Microsoft Lays Out Protocol Patent Licensing TermsMicrosoft Lays Out Protocol Patent Licensing Terms
Protocols for Office 2007, SharePoint 2007, and Exchange Server 2007 are out, but it's too early to tell what impact those releases will have on the company or its partners and competitors.
Microsoft continues its release of protocol documentation as the company laid out in its Interoperability Principles earlier this year in response to a more open market and continued anti-trust scrutiny.
But it's too early to tell what impact those releases will have on the company or its partners and competitors.
Monday marked the latest round of information, as Microsoft posted the first finalized version of documentation on protocols for Office 2007, SharePoint 2007 and Exchange Server 2007, as well as 5,000 new pages of information on the binary file formats found in versions of Office before Office 2007, online.
The binary file format documentation had already been released, though in a different form. This round of binary file documents moves them to templates that make them much more consistent with the rest of Microsoft's documentation. The move to standard templates signals that Microsoft wants to be better prepared to more easily release documentation going forward, and that the company understands developers would prefer something easy to navigate.
Version 1.0 of the protocol documentation is also accompanied by pricing to license patents that are intertwined with some of the detailed protocols. Those patents will be listed in patent maps available upon request. However, patent maps are available online for Microsoft's separate Work Group Server Protocol Program and Communications Protocol Program.

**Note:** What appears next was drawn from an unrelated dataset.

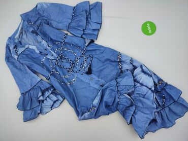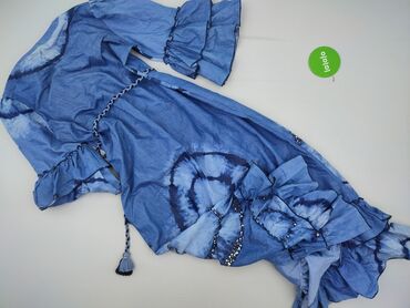 Sukienka damska boho z denimu/chambray, w odcieniach jasnego błękitu z efektem tie-dye. - Fason: długi (maxi) z rozkloszowanym dołem i falbaną u dołu oraz na rękawach - Rękawy: 3/4 z szeroką, mars...

The protocol patents don't come as cheap as some small time implementers would hope. Non-commercial open source distribution of the implementations don't cost implementers a dime, but they cost those hoping to make money 1% of the revenue gained by implementing the protocol documentation in their products, including $10,000 in non-refundable royalties up front. Since they are based on revenue, these royalty terms would also give Microsoft insight into revenues of competitors and partners to which the company otherwise wouldn't have access.
In addition, there's a minimum royalty ranging from 10 cents per user for an online service implementing a Windows Vista or Windows Server protocol patent to $85.54 per copy of a product that doesn't fall under the categories of client application, server application, online service or device application but implements non-Windows protocol patents. For cheap products, that would likely raise the royalty rates far beyond 1% of revenue. This round of document dumps almost certainly doesn't mark the end of the process for Microsoft, which has said it will continue to release information on protocols in those three products as well as Windows, Windows Server, and SQL Server.
"This doesn't mean we're done updating and it doesn't mean we won't improve the documentation," Craig Shank, Microsoft's new general manager of interoperability, said in an interview.
Shank takes over for Tom Robertson and will be in charge of driving both interoperability and standards for the company. Robertson, the company's former general manager for standards and interoperability, is now associate general counsel for Microsoft's office business.
In the past few months, Microsoft has begun hosting events called "Plugfests" where companies and entities licensing Microsoft's patents come together to discuss and test implementations of Microsoft's protocols. Among the participants have been Samba, Sun, Apple, and NetApp.
According to Shank, Microsoft and the implementers have begun to discover that in some cases, implementation problems -- and therefore interoperability problems -- are caused not by Microsoft, but because of incorrect implementations between two non-Microsoft parties.
"As we've had people in to do this, we've had dramatic increase in interoperability and significant increase in collaboration between the implementers," Shank said. However, it's so far unclear exactly how the documentation has increased interoperability between and among products. In a statement, Juniper Networks remarked that the documentation has helped its developers update its access control products, but didn't give any concrete details on exactly how it has helped.
Microsoft also is beginning to work on ways to make its Open XML Office file formats more interoperable with OpenDocument Format (ODF) and China's Uniform Office Format (UOF). The company's held a number of roundtables to test interoperability between implementations of Open XML and the ODF and has begun developing new translators between OpenXML and both UOF and ODF. The company has committed to including more support for both formats in future version of Office.